Just three words from the Brewers Association were enough to tank what had been a booming business for a local nonalcoholic beer supplier.
Ben Jordan’s company, ABV Technology, had been in high demand from Minnesota breweries eager to add NA options to their tap lists. More than half of Minnesota’s taprooms had a zero-proof brew to order at the start of this year. But the association’s decree — that without pasteurization, brewers were putting drinkers at risk — reversed that momentum.
“My sales dropped 30 percent,” Jordan said.

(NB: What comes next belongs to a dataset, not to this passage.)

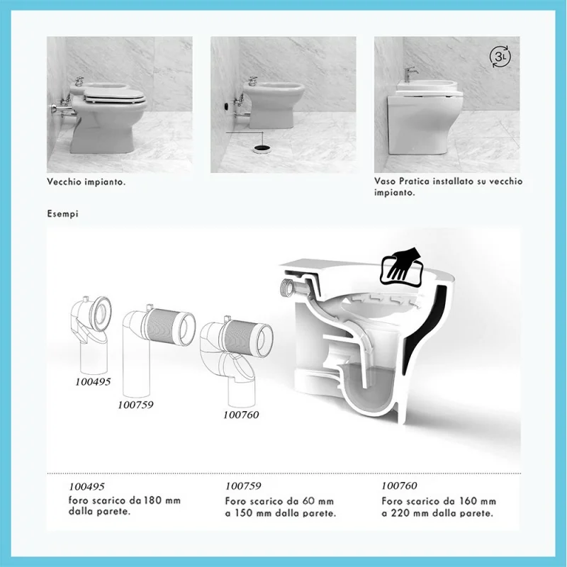 Wc filo muro scarico traslato rimless Azzurra serie Pratica Wc scarico traslato rimless filo parete Azzurra serie Pratica Scheda tecnica wc filo muro scarico traslato rimless Azzurra serie Pratica Scarico traslato del sanitario Azzurra serie Pratica compatibile con diverse curve tecniche Vaso traslato Azzurra serie Pratica rimless a muro Tecnologia Easyclean senza brida del water filo muro traslato Azzurra serie Pratica Sanitario filo muro con scarico traslato Azzurra serie Pratica

While ABV quickly came up with a more affordable pasteurization method for NA kegs and cans right on the pallet that helped sales recover in recent months, Jordan knows there are more challenges to push NA beyond the “tip of the iceberg.”
“We’re talking about the fastest-growing product in a market when breweries need growth,” Jordan said.
As beer consumption declines amid a generational shift in attitudes toward alcohol, Minnesota has become a hub for craft NA beer. Since ABV came online in 2017 and found a way to bring more flavor to a long-derided segment of the beer industry, it’s now expected that local breweries stock something for those not imbibing.
Today, NA options remain a tiny fraction of sales for most Minnesota breweries, but they bring people in the door amid dwindling thirst for regular beer.